Help in finding the x,y intercepts and T.P!!!!!!!!!!!

how do i find the x and y intercepts as well as the turning point!!!!

A) y=1.5 + 0.8x
B) y=2.8 + 0.7x
C) y=0.1x(x-4.5)
D) y=0.03t^2 + 0.6x

thank you soooooo much ^^

The x intercept is where the graph crosses the x axis when y = 0
So,

A) 1.5+0.8x = 0
0.8x = -1.5
x = -1.5/0.8 = -0.1875
intercept = (-0.1875, 0)

B) 2.8 +0.7x = 0
0.7x = -2.8
x = -2.8/0.7 = -4
intercept = (-4, 0)

C) 0.1x(x-4.5) = 0
x = 0 or x = 4.5
intercepts = (0,0) and (4.5, 0)

D) 0.03t^2+0.6t = 0 [Assuming it should read 0.6t]
t = 0 or t = 20
intercepts = (0,0) and (20,0)

The y intercept is where the graph crosses the y axis where x (or t in the case above) = 0
So,

A) y = 1.5+0.8(0) = 1.5
intercept = (0, 1.5)

B) y = 2.8 +0.7(0) = 2.8
intercept = (0, 2.8)

C) y = 0.1(0)(0-4.5) = 0
intercept = (0, 0)

D) y = 0.03(0)^2+0.6(0) =0
intercept = (0, 0)


You will only need to find a turning point if equation is quadratic i.e x^2 or above. i.e x^3 etc.

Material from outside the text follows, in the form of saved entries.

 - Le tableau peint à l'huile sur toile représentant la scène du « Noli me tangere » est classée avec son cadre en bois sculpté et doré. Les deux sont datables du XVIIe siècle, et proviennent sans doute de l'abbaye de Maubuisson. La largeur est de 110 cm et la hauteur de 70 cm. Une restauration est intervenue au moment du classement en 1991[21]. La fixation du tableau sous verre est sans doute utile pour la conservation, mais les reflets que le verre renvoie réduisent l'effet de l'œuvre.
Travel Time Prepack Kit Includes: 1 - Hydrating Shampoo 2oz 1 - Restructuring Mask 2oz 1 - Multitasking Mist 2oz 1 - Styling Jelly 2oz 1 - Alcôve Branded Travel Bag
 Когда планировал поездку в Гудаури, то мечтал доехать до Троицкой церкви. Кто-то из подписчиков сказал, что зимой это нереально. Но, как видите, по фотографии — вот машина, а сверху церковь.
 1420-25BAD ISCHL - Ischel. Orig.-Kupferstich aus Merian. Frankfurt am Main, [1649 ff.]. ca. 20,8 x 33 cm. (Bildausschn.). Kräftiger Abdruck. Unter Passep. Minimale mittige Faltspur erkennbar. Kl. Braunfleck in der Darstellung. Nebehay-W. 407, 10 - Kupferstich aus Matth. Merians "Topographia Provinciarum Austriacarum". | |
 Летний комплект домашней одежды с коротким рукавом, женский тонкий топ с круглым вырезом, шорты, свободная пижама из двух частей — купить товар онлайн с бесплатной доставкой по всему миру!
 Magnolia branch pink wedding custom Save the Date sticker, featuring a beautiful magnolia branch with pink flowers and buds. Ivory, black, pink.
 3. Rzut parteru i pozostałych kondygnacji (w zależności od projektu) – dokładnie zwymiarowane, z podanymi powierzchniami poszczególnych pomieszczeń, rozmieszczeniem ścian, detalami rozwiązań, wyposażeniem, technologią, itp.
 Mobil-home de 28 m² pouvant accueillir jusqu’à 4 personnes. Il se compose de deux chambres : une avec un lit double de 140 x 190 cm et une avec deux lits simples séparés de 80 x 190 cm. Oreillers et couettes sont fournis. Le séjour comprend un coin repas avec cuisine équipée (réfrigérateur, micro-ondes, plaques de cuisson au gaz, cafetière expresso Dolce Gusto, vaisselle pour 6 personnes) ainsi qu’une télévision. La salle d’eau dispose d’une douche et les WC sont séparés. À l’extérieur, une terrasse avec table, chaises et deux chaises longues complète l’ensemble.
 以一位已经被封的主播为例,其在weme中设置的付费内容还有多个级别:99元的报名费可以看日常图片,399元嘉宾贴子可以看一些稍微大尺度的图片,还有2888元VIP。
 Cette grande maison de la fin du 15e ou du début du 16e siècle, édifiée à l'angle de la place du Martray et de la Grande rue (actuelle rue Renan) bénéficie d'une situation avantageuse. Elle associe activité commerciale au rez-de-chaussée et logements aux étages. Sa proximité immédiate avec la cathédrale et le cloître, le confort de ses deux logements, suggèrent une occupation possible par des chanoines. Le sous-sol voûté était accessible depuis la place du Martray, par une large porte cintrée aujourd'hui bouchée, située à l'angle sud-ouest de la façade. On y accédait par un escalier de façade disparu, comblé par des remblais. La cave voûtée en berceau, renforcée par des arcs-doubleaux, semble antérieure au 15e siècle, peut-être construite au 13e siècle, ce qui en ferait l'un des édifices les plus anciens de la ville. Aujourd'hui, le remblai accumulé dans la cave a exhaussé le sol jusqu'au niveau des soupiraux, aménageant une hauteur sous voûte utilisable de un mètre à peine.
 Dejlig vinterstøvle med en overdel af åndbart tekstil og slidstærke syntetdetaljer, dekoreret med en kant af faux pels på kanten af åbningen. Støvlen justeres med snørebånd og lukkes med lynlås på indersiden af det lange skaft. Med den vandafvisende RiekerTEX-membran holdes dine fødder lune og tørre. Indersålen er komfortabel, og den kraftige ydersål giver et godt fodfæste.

In the case of quadratics, factorise the equation to find the roots, add these and divide by 2 to find the axis of symmetry. Plug this x value into the equation to find the y value and, hence the coordinates of the turning point. If the sign is + before the x^2 term the turning point is a minimum. If the sign is -, then it's a maximum.